Fig. 9 represents the management according to input speech buffer of the present invention.Be contained in voice in the impact damper by fragment at certain hour
Figure A0280102800137
Expression.Fragment OM under the Hamming window is carried out the sounding analysis, the sounding decision-making relevant with V the sample at center is provided.Window only is used for explanation, need not represent the voice weighting, an example that can be used for the technology of any weighting is found in " estimating and the sounding detection based on the tone of sinusoidal speech model " (IEEE Int.Conf.on Acoustics Speech and SignalProcessing, 1990) of R.J.McAulay and T.F.Quatieri.The sounding decision-making of gained is owing to S aThe fragment that individual sample is long
Figure A0280102800141
V≤S wherein aWith | S a-V|<<S aIn addition, voice segment becomes S aThe frame that individual sample is long
Figure A0280102800142
(i=0 ..., 3), make and can realize SOLA and buffering management easily.Specifically,
Figure A0280102800143
With
Figure A0280102800144
Will be as two continuous SOLA analysis frame x iAnd x i+ 1, and impact damper will pass through frame
Figure A0280102800145
The moving to left and new samples be placed on " sky " of (i=0,1,2)
Figure A0280102800146
On the position and upgraded.
Compression can adopt Figure 10 easily to describe, four primary iterations shown in the figure.The input and output voice flow can be respectively along right side and the left side of figure, and wherein the common feature of some of SOLA clearly.In incoming frame, speech sound is marked as " 1 ", and unvoiced speech is marked as " 0 ".
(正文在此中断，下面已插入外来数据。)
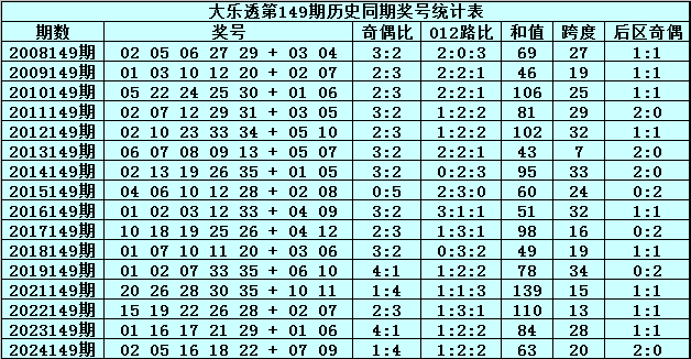 水镜体彩大乐透第2025149期历史同期奖号分析:

At first, impact damper comprises a zero-signal.Then, read first frame
Figure A0280102800147
Send sound fragment in this case.Should be pointed out that the sounding of this frame just arrives at it according to carrying out the aforesaid way that sounding is analyzed
Figure A0280102800148
The position after just known.Therefore, algorithmic delay adds up to 3S aIndividual sample.In the left side, continually varying ash colour frame, consequent synthetic frame represent special time to keep exporting the sample value of front of impact damper of (synthesizing) voice (hereinafter with clear, the minimum length of this impact damper is (k i) Maximal value+ 2S a=3S aIndividual sample).According to SOLA, this frame will be by S s(S s<S a) under the speed of decision by upgrading with the overlap-add of continuous analysis frame.Therefore, after initial twice iteration, because for passing through analysis frame respectively
Figure A0280102800149
With The new renewal of carrying out, S sThe frame that individual sample is long
Figure A02801028001411
With Out-of-date, so they will be exported continuously.This SOLA compression will continue to carry out, as long as the decision-making of current sounding does not change to 1 from 0, this takes place in step 3.At this point, remove its last S aOutside the individual sample, whole synthetic frame will be output, and add the last S from the present analysis frame in the above aIndividual sample.This can be considered reinitializing of synthetic frame, becomes now By it, the new SOLA compression cycle of beginning in step 4, or the like.
As can be seen, when keeping voice continuity, since the slow convergence of SOLA, frame Major part will be converted, several incoming frames subsequently also are converted.These parts just in time comprise the zone of sound front end corresponding to most probable.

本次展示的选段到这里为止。